Back at the farm team’s headquarters, intern Reyna Alcantar helps Orr adapt a milking stand for use as a holding device for goats who need their hooves trimmed. They discuss adding a “snacky tray” to make the experience a positive one. They’re modifying a device used to take something from the goats—their milk—into a tool to keep them healthy, Orr points out.

Shaun Echols uses a stick to gently guide a snapping turtle off the road.
Emily Hamlin Smith
/
The HSUS

3:14 p.m.

On his way to check lightbulbs in the primate kitchen, Echols comes across a snapping turtle in the dirt road. He tries to entice the turtle to chomp the end of a long stick so he can gently pull him across the road to safety. When that fails, Echols grabs a long metal hook (used to clear culverts) from his truck to snag the turtle from a safe distance. “Come on, fella, move it along,” he says. This approach works, and Echols is back on the road.

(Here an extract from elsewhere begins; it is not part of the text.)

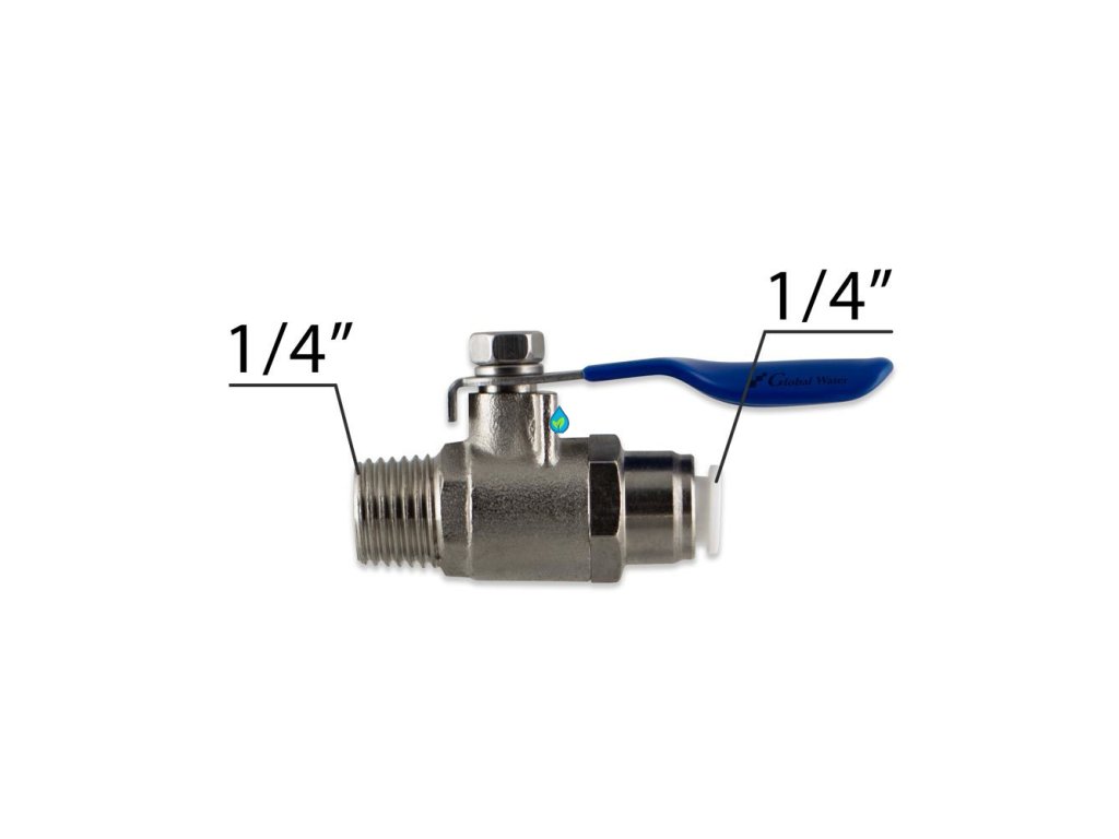 Mosadzný guľový ventil 1/4" s rýchlospojkou pre RO hadičku x 1/4"
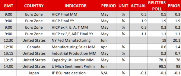 FOREX: The euro edged higher by 0.26% versus the US dollar on Friday but was set to post its biggest weekly loss in 19 months after the European Central Bank (ECB) signaled it will keep rates at record lows until late 2019, pushing euro/dollar down by more than 250 pips at one point on Thursday. Meanwhile, Eurozone’s final CPI readings for May were in lie with preliminary estimates, with ECB member, Ewald Nowotny, saying that the central bank’s inflation target of just below 2.0% is close to be achieved. Sterling started the day in negative territory amid rising Brexit tensions, challenging $1.3210 but managed to move higher later, gaining 0.11% against the greenback. Dollar/yen was flat at 110.65, below the almost one-month high of 110.89 reached earlier after the Bank of Japan (BOJ) kept its policy unchanged but downgraded its assessment on inflation earlier on Friday. Meanwhile, the US dollar index reached a 7-month high of 95.13 before it slid to 94.87 (+0.11%). Trade uncertainties continued to weigh on the greenback as the EU backed a retaliatory plan against US import tariffs on Thursday, while India also joined later on, announcing potential countermeasures on US goods. In the antipodean sphere, aussie/dollar touched a 1-month low of 0.7450 today, falling by 0.20%, while kiwi/dollar dived by 0.43% to 0.6952. Dollar/loonie rose by 0.34% towards a new 1-year high of 1.3153.

A llama stands in a field at Black Beauty Ranch.
Christi Gilbreth
/
The HSUS

3:52 p.m.

From the back of a truck, the equine team snaps photos of the horses. They’ll be used to update a “bio book,” which includes a photo of each animal to help the team with identification. They start with a dozen horses gathered together: a chestnut named DiGiorno (or “pizza horse”), a bay with a big star on her forehead named Diana, a bay with a little star named Dolce …

4:36 p.m.

The equipment is parked for the day, and Echols tidies up a few things in the shop before pushing in the white plastic lawn chairs around the table. His face is still flushed from the sun and the heat, streaks of dirt and grease on his arms and pants. “Let’s do it again tomorrow, yeah?”

6:07 p.m.

It might be after hours, but Orr and a few other caregivers have returned to the sanctuary. They’re taking advantage of the (relatively) cool evening by shearing a pair of llamas. The animals have recently arrived from a shuttered zoo in Puerto Rico, and their overgrown fleece needs shearing so they can better regulate their body temperature.


Each day at Black Beauty Ranch brings unique problems to solve—and moments to enjoy. Through it all, the caregivers keep one goal in mind: doing what’s best for the resident animals.